◆ Material shown
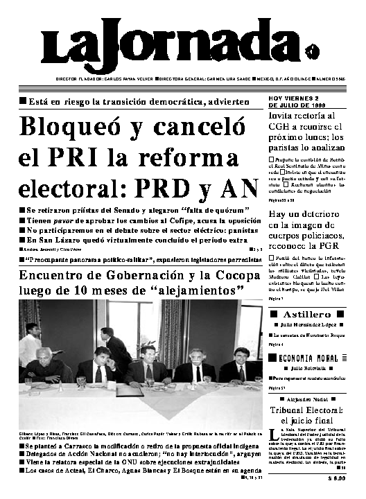 México, D.F. viernes 2 de julio de 1999
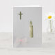 Tarjeta Personaliza el oro Sagrada cruz, vela y arco rosad
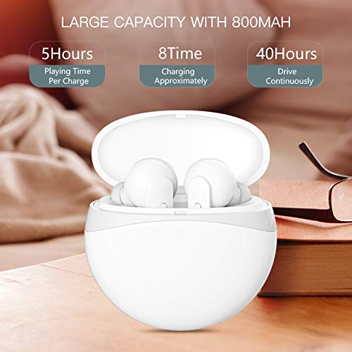 Goditi la musica tutto il giorno: questo auricolare Bluetooth ha una grande batteria al litio integrata. Gli auricolari sono 50 mAh, fino a 5 ore. La batteria della custodia di ricarica è di 800 mAh, può caricare l'auricolare 8 volte dopo la carica completa. È il miglior compagno quando si esce, può giocare per 40 ore senza interruzioni, in modo da immergersi nella meravigliosa musica tutto il giorno.
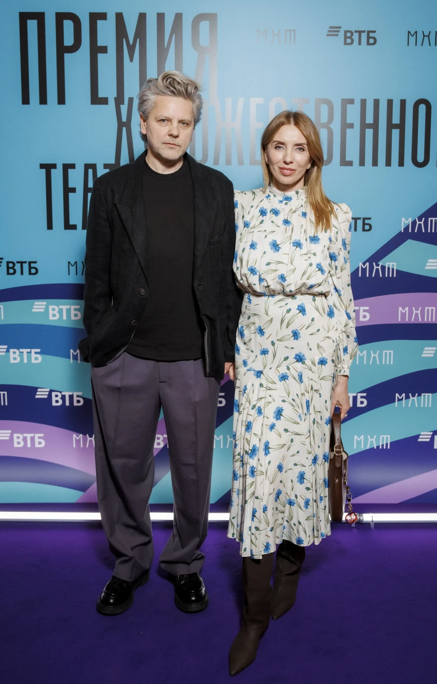 Владимир Хотиненко с женойПремия Художественного театра присуждается молодым деятелям искусств до 35 лет включительно, заявившим о себе в минувшем году. Центральной темой церемонии в этом году стала тема наставников — людей, раскрывающих и направляющих талант молодых дарований.
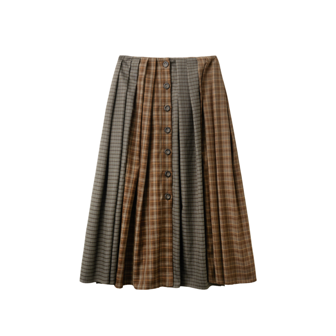 피브스 피브스 믹스 체크 맥시 스커트 브라운
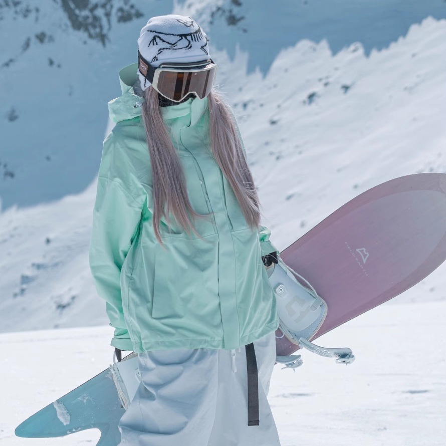雪否浅绿色滑雪服女3L防水防风滑雪外套男压胶滑雪三合一可拆卸
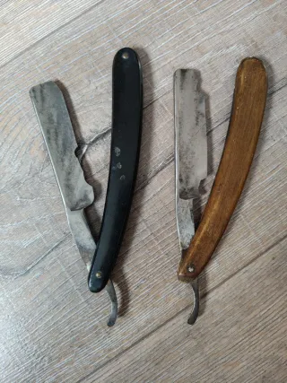 Se venden dos navajas de afeitar antiguas, cada una con un mango de diferente material y color. Perfectas para reutilizar alguna pieza. - Una navaja tiene mango negro. - La otra navaja tiene mango de madera.
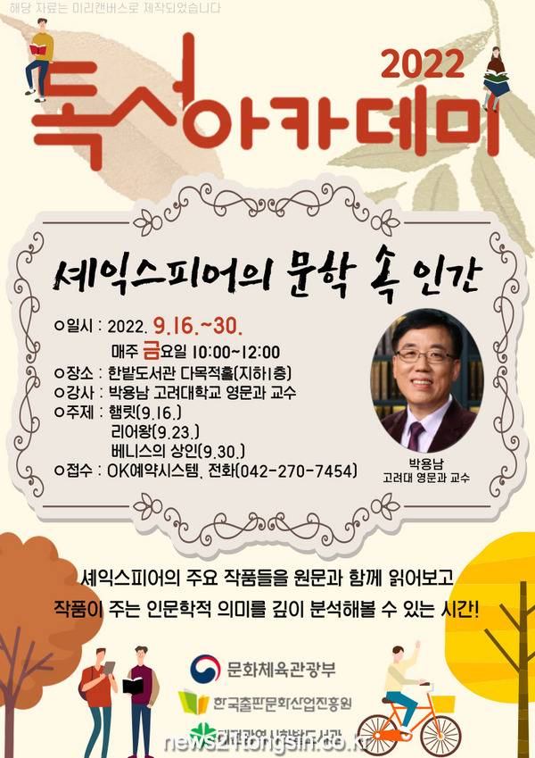 대전한밭도서관은 ‘2022년 독서아카데미’ 4차 강연을 오는 9월 16일, 23일, 30일 3회에 걸쳐 개최한다고 밝혔다.
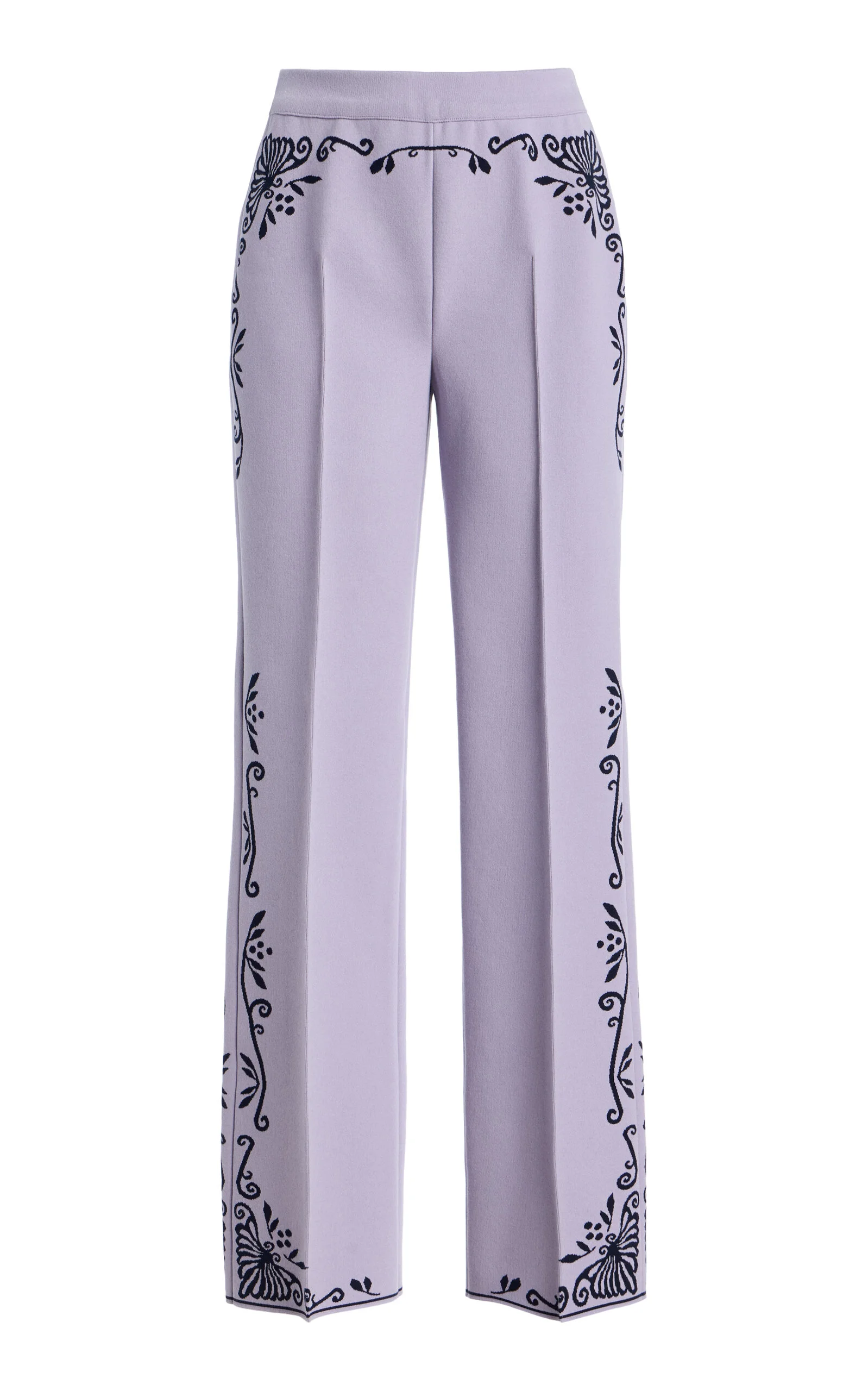 Scroll Cotton-Blend Cropped Flared Pants purple
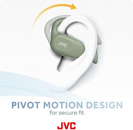 The JVC nearphone open ear true wireless headphones are Bluetooth 5.4 technology ensures a dependable connection. These JVC wireless headphones come with 16 mm driver, Pivot Motion Mechanism, delivering up to 26 hours of playback, IPX4 rated of water registant.

◆ Exercise description
Return all of the entries exactly as written, but drop any pictures they hold.

◆ Your response
 México, D.F. viernes 2 de julio de 1999
 Tarjeta Personaliza el oro Sagrada cruz, vela y arco rosad
 Goditi la musica tutto il giorno: questo auricolare Bluetooth ha una grande batteria al litio integrata. Gli auricolari sono 50 mAh, fino a 5 ore. La batteria della custodia di ricarica è di 800 mAh, può caricare l'auricolare 8 volte dopo la carica completa. È il miglior compagno quando si esce, può giocare per 40 ore senza interruzioni, in modo da immergersi nella meravigliosa musica tutto il giorno.
 Владимир Хотиненко с женойПремия Художественного театра присуждается молодым деятелям искусств до 35 лет включительно, заявившим о себе в минувшем году. Центральной темой церемонии в этом году стала тема наставников — людей, раскрывающих и направляющих талант молодых дарований.
 피브스 피브스 믹스 체크 맥시 스커트 브라운
雪否浅绿色滑雪服女3L防水防风滑雪外套男压胶滑雪三合一可拆卸
 Se venden dos navajas de afeitar antiguas, cada una con un mango de diferente material y color. Perfectas para reutilizar alguna pieza. - Una navaja tiene mango negro. - La otra navaja tiene mango de madera.
 대전한밭도서관은 ‘2022년 독서아카데미’ 4차 강연을 오는 9월 16일, 23일, 30일 3회에 걸쳐 개최한다고 밝혔다.
 Scroll Cotton-Blend Cropped Flared Pants purple
 The JVC nearphone open ear true wireless headphones are Bluetooth 5.4 technology ensures a dependable connection. These JVC wireless headphones come with 16 mm driver, Pivot Motion Mechanism, delivering up to 26 hours of playback, IPX4 rated of water registant.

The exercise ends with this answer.